Solving Recursion in fibonacci numbers

Question

I'm unaware of the mathematics in this algorithm and could use some help.

Algorithm:

if n<2 then

  return n

else return fibonacci(n-1) + fibonacci(n-2)

Statement

n < 2 is O(1)
Time n >=2 is O(1)
Return n is O(1) Time n>=2 is - Return fib(n-1) + fib(n-2) is -

and time n>=2 is T(n-1) + T(n-2) +O(1)

Total: O(1) T(n-1) + T(n-2) + O(1)
T(n) = O(1) if n < 2
T(n) = T(n-1) + T(n-2) + O(1) if n>=2

Answer 1

I think you're supposed to notice that the recurrence relation for this function is awfully familiar. You can learn exactly how fast this awfully familiar recurrence grows by looking it up by name.

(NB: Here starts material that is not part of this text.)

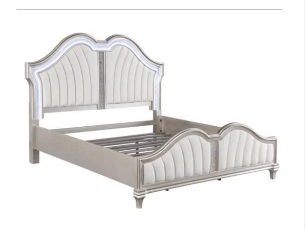 King Size Bling Light Up Padded Silver Bed frame Complete
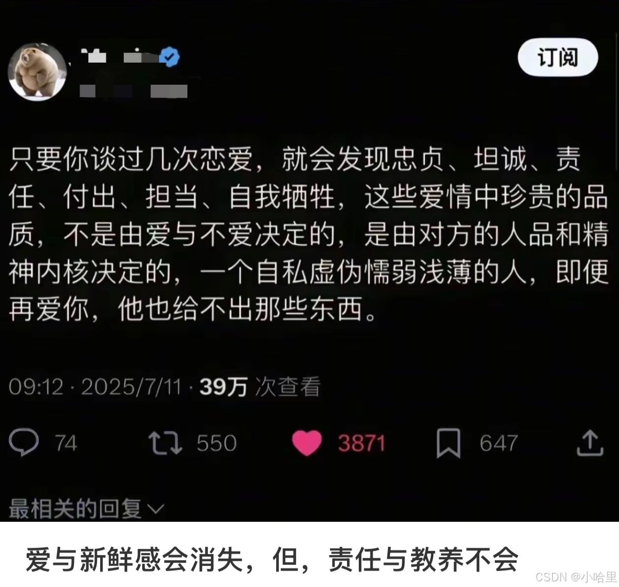 - 有人说,程序员的世界只有 0 和 1 的非黑即白。可我总觉得,理性的逻辑框架里,恰恰能生长出最笃定的浪漫 ------ 就像写代码时追求鲁棒性与可扩展性,对待感情,我也向往稳定、长久且共同成长的关系。

However, if you fail to make the intuitive leap, you can try to bound the runtime using a simplified problem. Essentially, you modify the algorithm in ways guaranteed to increase the runtime while making it simpler. Then you figure out the runtime of the new algorithm, which gives you an upper bound.

For example, this algorithm must take longer and is simpler to analyze:

F(n): if n<2 then return n else return F(n-1) + F(n-1)